In fact, the concept of a property owner possessing that space “all the way to heaven” would have prevented air travel, air shipping—all the benefits that airplanes have brought our species. Yet even as law permitted this new use of the airspace below Heaven, landowners were still considered to have a “buffer zone” that would protect them from intrusions that would limit their full enjoyment of a property; and any airspace that could be occupied or used by the owner was to be considered theirs.
Drones, of course, are a new and different thing altogether, and the law around them is a patchwork in a condition of flux. The Federal Aviation Administration has asserted its authority over “navigable space,”which is generally 500 to 1000 feet above the land, depending on the area, and over the concept of “no-fly zones”—and has even asserted that it has authority over drones at any altitude. And states have some say over an owner’s property rights—in many states, for example, a bullet fired by a hunter that crosses one’s land can be considered a trespass. Moreover, different regimes are being constructed for corporate, professional, governmental, and hobby uses. The latter is the least regulated, though registration may be required if the drone surpasses a certain weight limit.
Arizona, for its part, has passed some laws on the matter of drones, in particular SB 1449, which makes operating a drone “in dangerous proximity to a person or property” an act of Disorderly Conduct; orders that drones may not interfere with manned aircraft, law enforcement, or firefighters; holds that cities and towns in Arizona may not pass their own drone regulations or provisions; requires cities and towns that have more than one park to allow drones in at least one of them; and restricts the flight of drones by disallowing them from flying within 500 horizontal feet or 250 vertical feet of a “critical facility,” which includes water treatment facilities, power plants, courthouses, military installations, and hospitals.
You’ll notice none of these “critical facilities” are your property. As of right now, so long as a drone passing over your land poses no interference with your use of your property, keeps a safe distance, and causes no harm, it’s unlikely you would be able to successfully assert a claim of trespass against it. But, as we said above, this is an area of law in a state of flux, with various analogies being applied. It may be that the final set of comparisons has not yet been made—and this may well develop as courts are forced to contend with unforeseen events having to do with drone use.
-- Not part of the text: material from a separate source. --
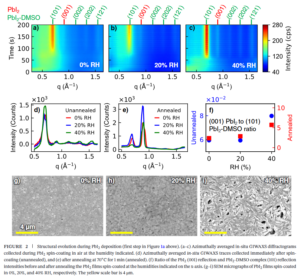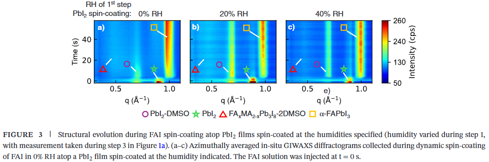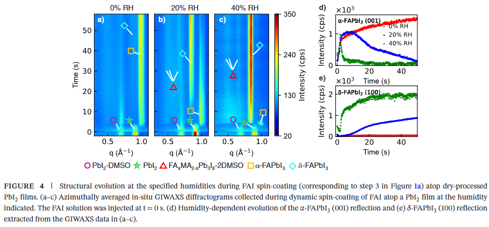 - 原位GIWAXS揭示湿度影响机制:首次系统利用原位GIWAXS观测两步法FAPbI₃制备中各步骤的湿度依赖性,明确揭示了湿度加速PbI₂及其溶剂复合物的析出与结晶,并影响α/δ相转变动力学。

Meanwhile, if you’re looking to engage with the real estate market in Scottsdale or anywhere else in the state of Arizona—as long as it lies between Hell and Heaven—you’ll need an experienced attorney with strong scruples on your side. Provident Law’s real estate attorneys represent parties on either side of real estate and financing transactions, including buyers, sellers, landlords, tenants, lenders, borrowers, trustees, guarantors, shareholders, partners, and others. We structure, negotiate and document a variety of real estate and financing transactions, such as leases, purchase and sale agreements, loans and development agreements for a variety of commercial and residential projects. Contact us for more details.
Christopher J. Charles is the founder and Managing Partner of Provident Law ®. He is a State Bar Certified Real Estate Specialist and a former “Broker Hotline Attorney” for the Arizona Association of REALTORS ® (the “AAR”). Mr. Charles holds the AV ® Preeminent Rating by the Martindale-Hubbell Peer Review Ratings system which connotes the highest possible rating in both legal ability and ethical standards. He serves as an Arbitrator and Mediator for the AAR regarding real estate disputes; and he served on the State Bar of Arizona’s Civil Jury Instructions Committee where he helped draft the Agency Instructions and the Residential Landlord/Tenant Eviction Jury Instructions.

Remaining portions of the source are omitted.